Tim Scott is a conservative Republican senator from South Carolina. He also happens to be a black man. That rare combination would seem to make him a natural and much-needed mediator between his party and minority voters, but it is a role that Scott himself has tried hard to downplay, for example by refusing to join the Congressional Black Caucus. If his race is nonetheless part of his political identity, it is not because Scott has sought it out, but because others insist on thrusting that image upon him.

But in a speech on the Senate floor Wednesday, Scott cast all of that aside and went deeply personal. Among other things, he recounted some of his own too-numerous experiences with law enforcement, repeating the type of testimony that we've heard from many other successful black men, such as Atlanta Mayor Kasim Reed. To those of us without that first-hand experience, the consistency of these stories is remarkable.

"I shuddered when I heard Eric Garner say 'I can't move'," Scott confessed to his fellow senators. "I wept when I watched Walter Scott turn and run away and get shot and killed. And I broke when I heard the 4-year-old daughter of Philando Castile's girlfriend tell her mother 'It's OK, I'm right here with you'. These people are lost forever -- fathers, brothers, sons."

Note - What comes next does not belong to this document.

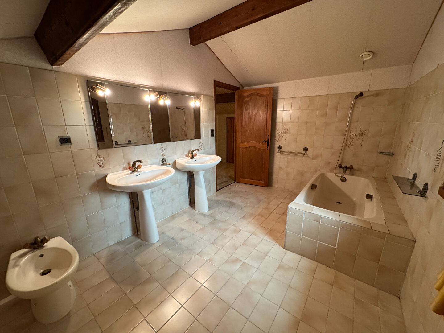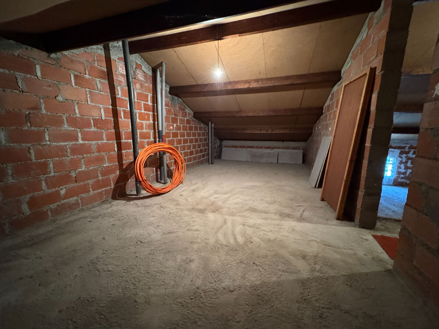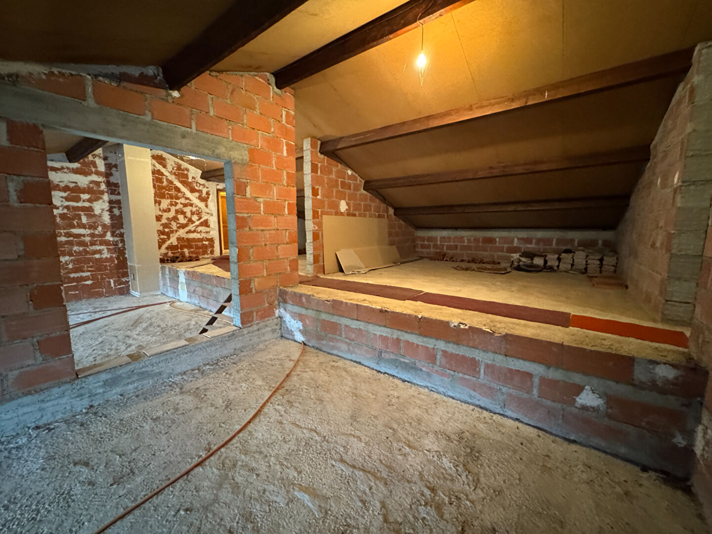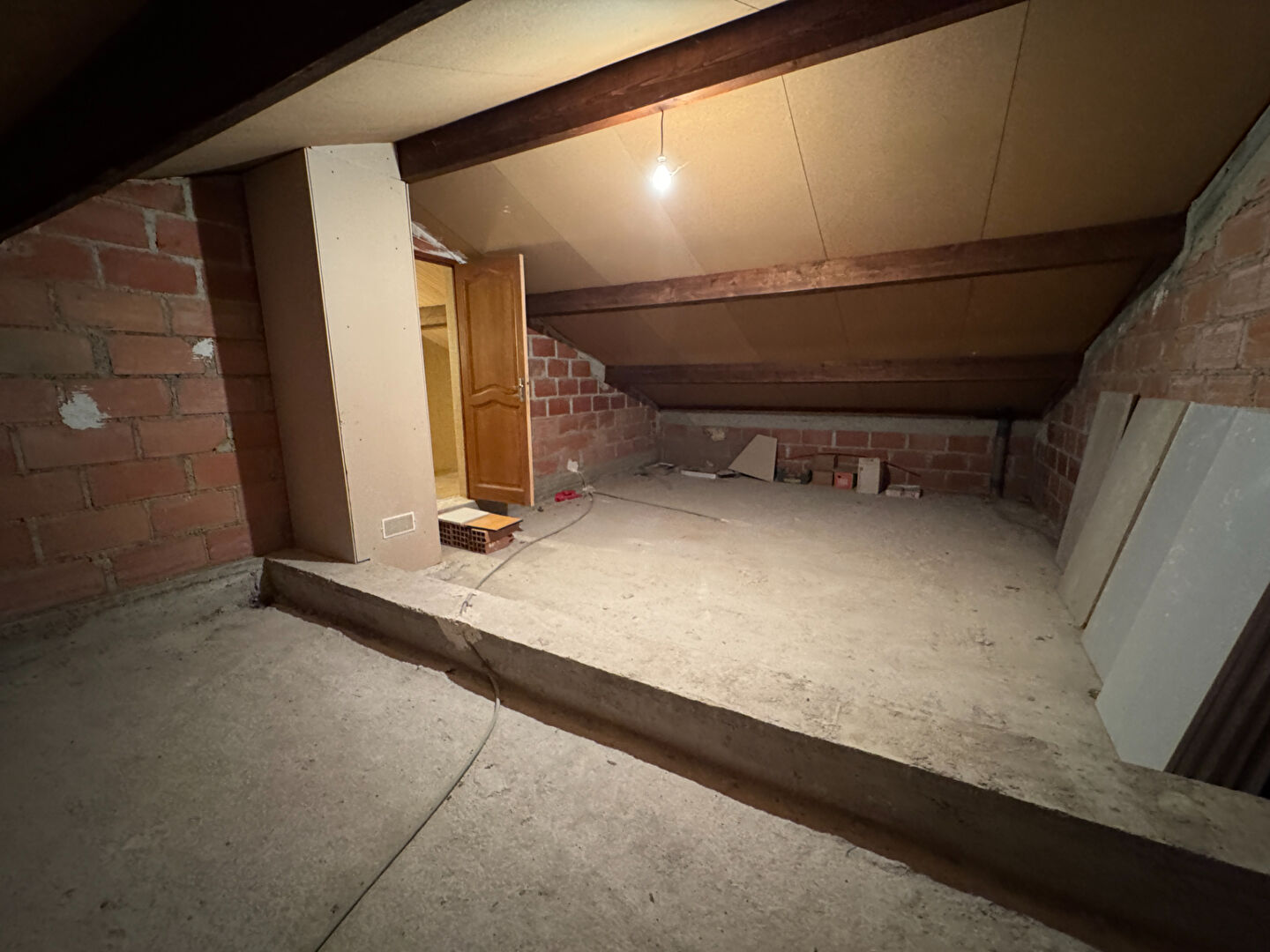 A l'étage, Une chambre de 17 m2, SDB 8 m2, WC et combles aménageables de 130 m2.

For those who might have forgotten the name "Walter Scott," this scene should remind you:

The senator and the murder victim were not related, but they shared more than a last name. That shooting from April 2015 occurred in North Charleston, S.C., the community where Tim Scott was born, so it must have literally struck home for him. (Scott also might have added the name of Atlantan Deravais Rogers to that list of victims.)

As President Obama did in his beautiful speech in Dallas, Scott stressed the importance of supporting law enforcement and of recognizing the many difficulties and dangers of their work. There is never, ever an acceptable reason for harming those who put their lives on the line for us, he said. However, there is also no acceptable reason for ignoring that we have a major problem to solve.

"I simply ask you this: Recognize that just because you do not feel the pain, the anguish of another does not mean it does not exist. To ignore their struggles, our struggles, does not make them disappear. It simply leaves you blind and the American family very vulnerable.  Some search so hard to explain away the injustice that they are slowly wiping away who we are as a nation. But we must come together to fulfill what we all know is possible here in America: Peace, love and understanding. Fairness."

That's the core of it right there. By this point, after all this, if you still insist on dismissing the evidence that something important is going on and needs to be addressed, then that growing pile of evidence becomes taller still when your own denial is added to it.